▸ Supplied material:
****************************************
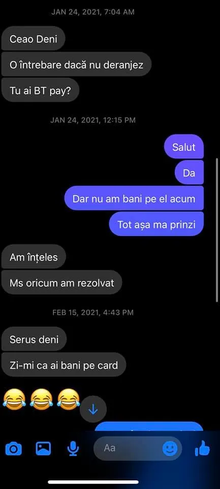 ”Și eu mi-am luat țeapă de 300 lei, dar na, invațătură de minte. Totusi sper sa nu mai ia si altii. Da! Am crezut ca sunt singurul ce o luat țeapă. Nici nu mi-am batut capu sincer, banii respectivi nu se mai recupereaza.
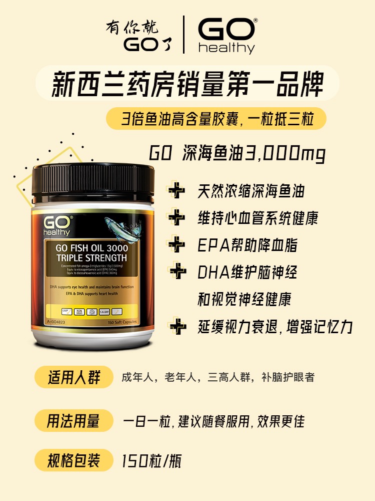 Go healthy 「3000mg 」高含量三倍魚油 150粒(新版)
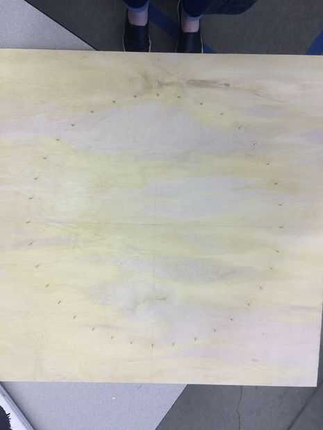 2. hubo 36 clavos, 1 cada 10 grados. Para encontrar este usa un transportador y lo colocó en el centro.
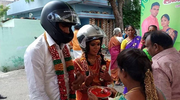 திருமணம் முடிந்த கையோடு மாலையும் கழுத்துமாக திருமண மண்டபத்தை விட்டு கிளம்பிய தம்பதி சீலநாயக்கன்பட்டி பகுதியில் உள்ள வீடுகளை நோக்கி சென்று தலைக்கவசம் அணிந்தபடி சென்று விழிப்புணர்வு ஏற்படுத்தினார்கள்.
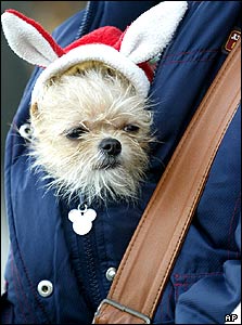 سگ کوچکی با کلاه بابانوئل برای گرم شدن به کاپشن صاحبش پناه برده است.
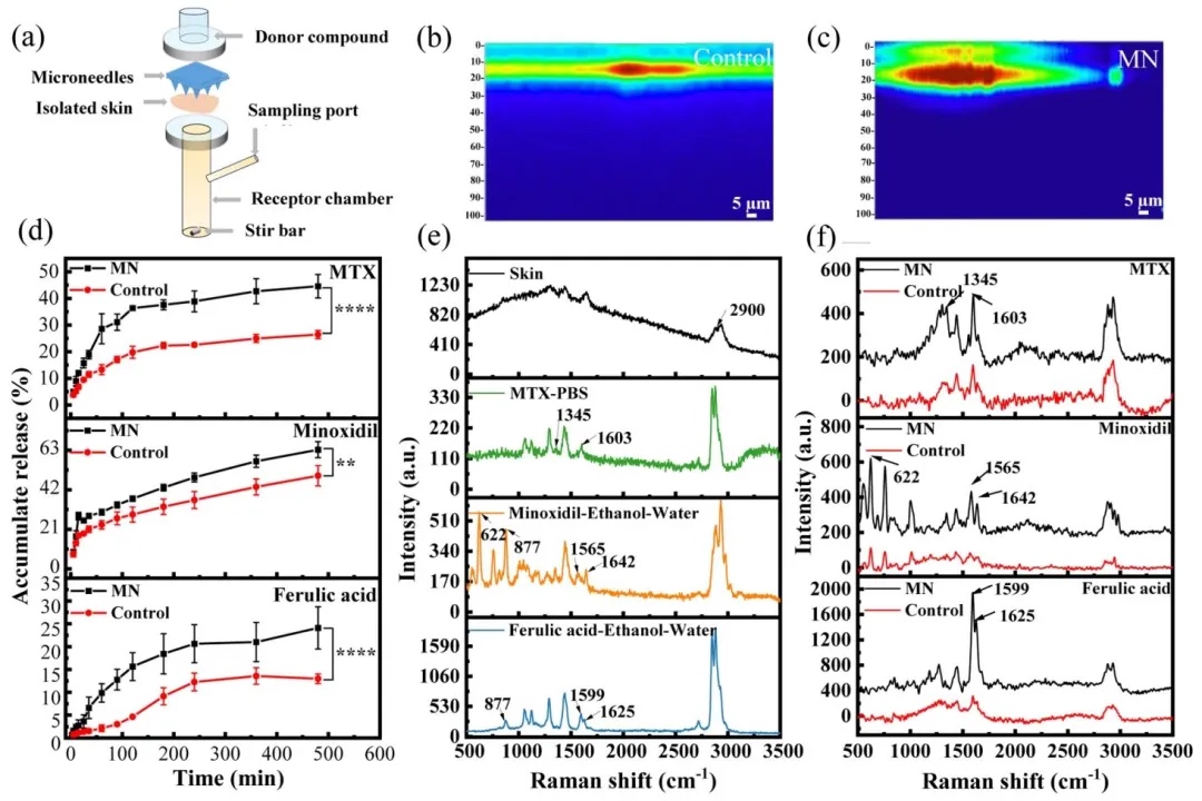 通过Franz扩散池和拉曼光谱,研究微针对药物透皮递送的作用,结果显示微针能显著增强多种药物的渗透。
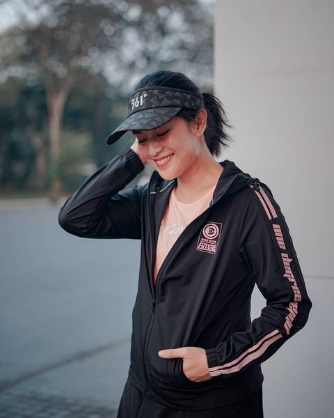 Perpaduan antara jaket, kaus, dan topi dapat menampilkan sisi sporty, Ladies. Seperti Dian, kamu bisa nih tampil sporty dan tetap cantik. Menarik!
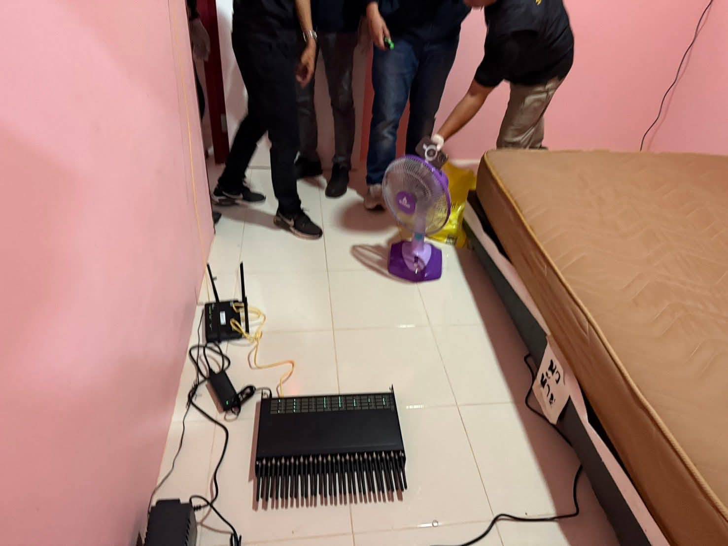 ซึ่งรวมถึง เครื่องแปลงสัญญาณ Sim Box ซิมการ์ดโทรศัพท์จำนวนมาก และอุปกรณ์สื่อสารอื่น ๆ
****************************************
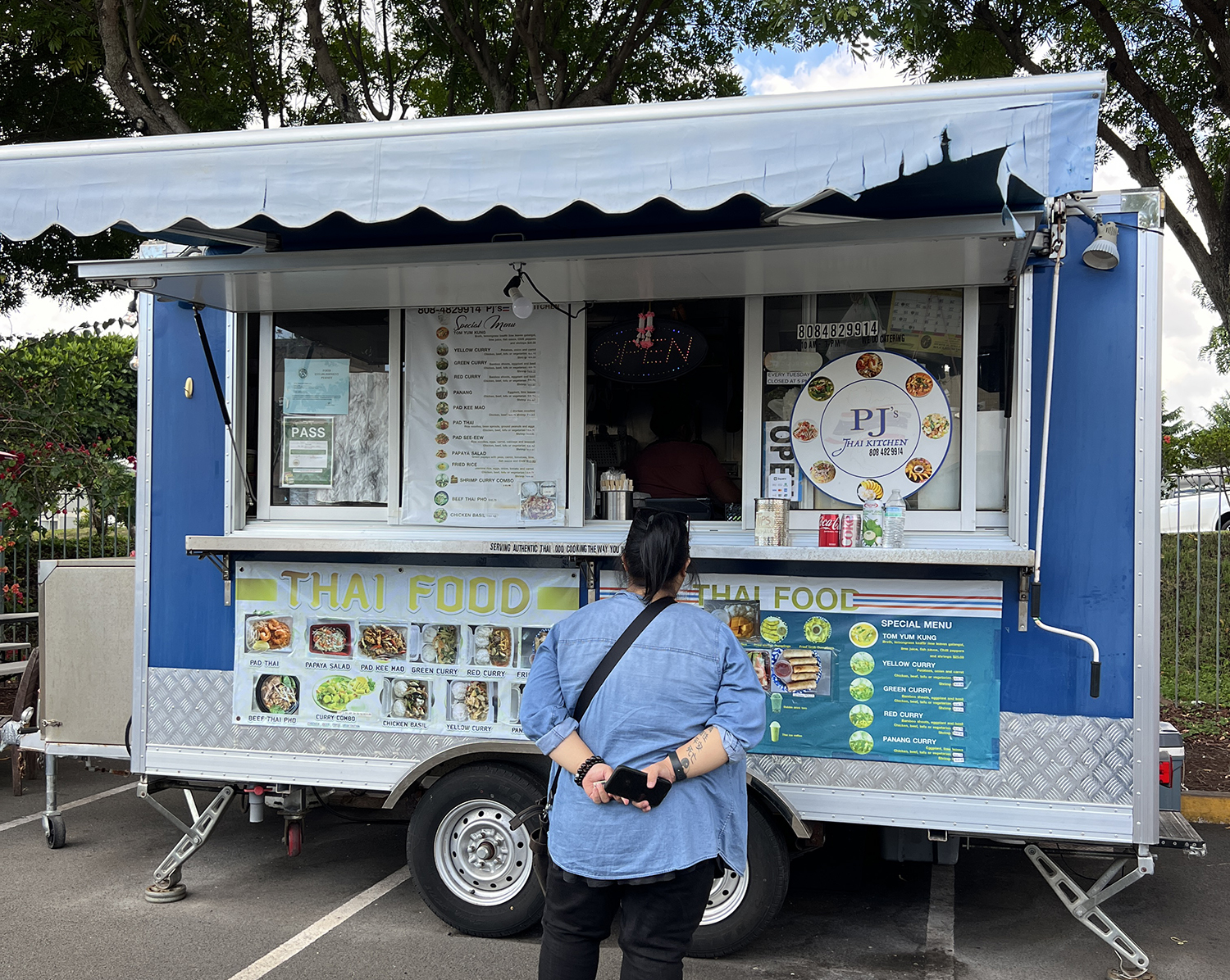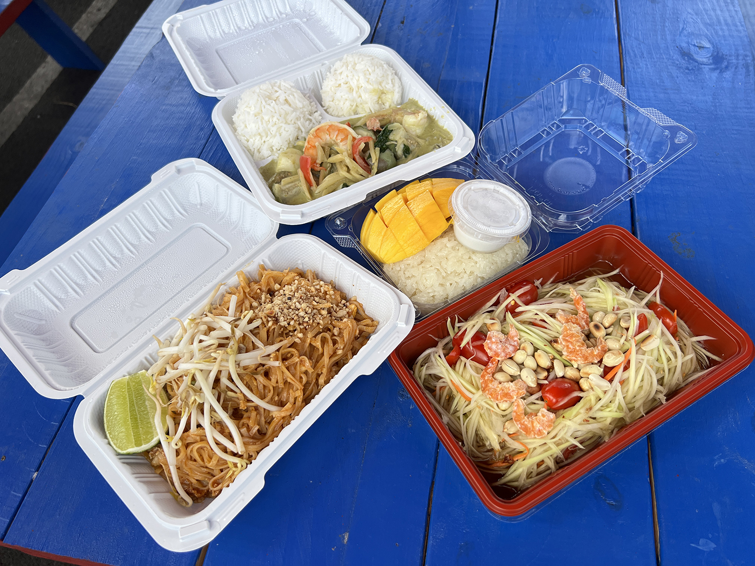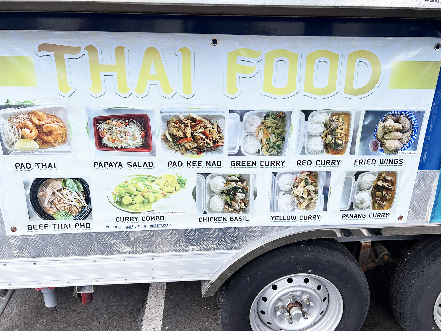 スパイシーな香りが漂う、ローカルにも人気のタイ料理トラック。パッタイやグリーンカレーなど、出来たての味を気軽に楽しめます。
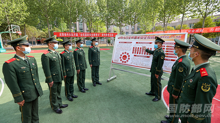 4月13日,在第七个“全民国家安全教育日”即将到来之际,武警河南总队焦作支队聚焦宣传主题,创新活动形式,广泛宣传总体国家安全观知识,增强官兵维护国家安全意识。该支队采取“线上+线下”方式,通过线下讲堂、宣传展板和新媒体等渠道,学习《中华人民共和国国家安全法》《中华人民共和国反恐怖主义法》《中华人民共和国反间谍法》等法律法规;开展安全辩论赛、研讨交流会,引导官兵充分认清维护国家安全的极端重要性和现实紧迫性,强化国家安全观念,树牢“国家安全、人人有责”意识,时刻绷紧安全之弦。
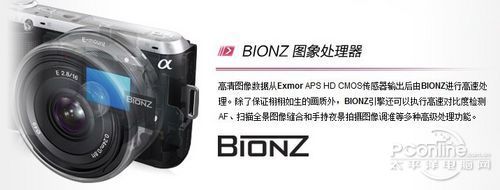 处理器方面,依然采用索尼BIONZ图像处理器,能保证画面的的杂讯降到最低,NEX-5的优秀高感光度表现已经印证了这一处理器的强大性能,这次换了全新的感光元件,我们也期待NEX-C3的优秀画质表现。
****************************************
When you reach the line that has "se mai recupereaza." in the data above, start repeating lines exactly, and stop after the line that has "Perpaduan antara jaket, kaus, dan"; pictures stay out.

 ”Și eu mi-am luat țeapă de 300 lei, dar na, invațătură de minte. Totusi sper sa nu mai ia si altii. Da! Am crezut ca sunt singurul ce o luat țeapă. Nici nu mi-am batut capu sincer, banii respectivi nu se mai recupereaza.
 Go healthy 「3000mg 」高含量三倍魚油 150粒(新版)
 2. hubo 36 clavos, 1 cada 10 grados. Para encontrar este usa un transportador y lo colocó en el centro.
 திருமணம் முடிந்த கையோடு மாலையும் கழுத்துமாக திருமண மண்டபத்தை விட்டு கிளம்பிய தம்பதி சீலநாயக்கன்பட்டி பகுதியில் உள்ள வீடுகளை நோக்கி சென்று தலைக்கவசம் அணிந்தபடி சென்று விழிப்புணர்வு ஏற்படுத்தினார்கள்.
 سگ کوچکی با کلاه بابانوئل برای گرم شدن به کاپشن صاحبش پناه برده است.
 通过Franz扩散池和拉曼光谱,研究微针对药物透皮递送的作用,结果显示微针能显著增强多种药物的渗透。
 Perpaduan antara jaket, kaus, dan topi dapat menampilkan sisi sporty, Ladies. Seperti Dian, kamu bisa nih tampil sporty dan tetap cantik. Menarik!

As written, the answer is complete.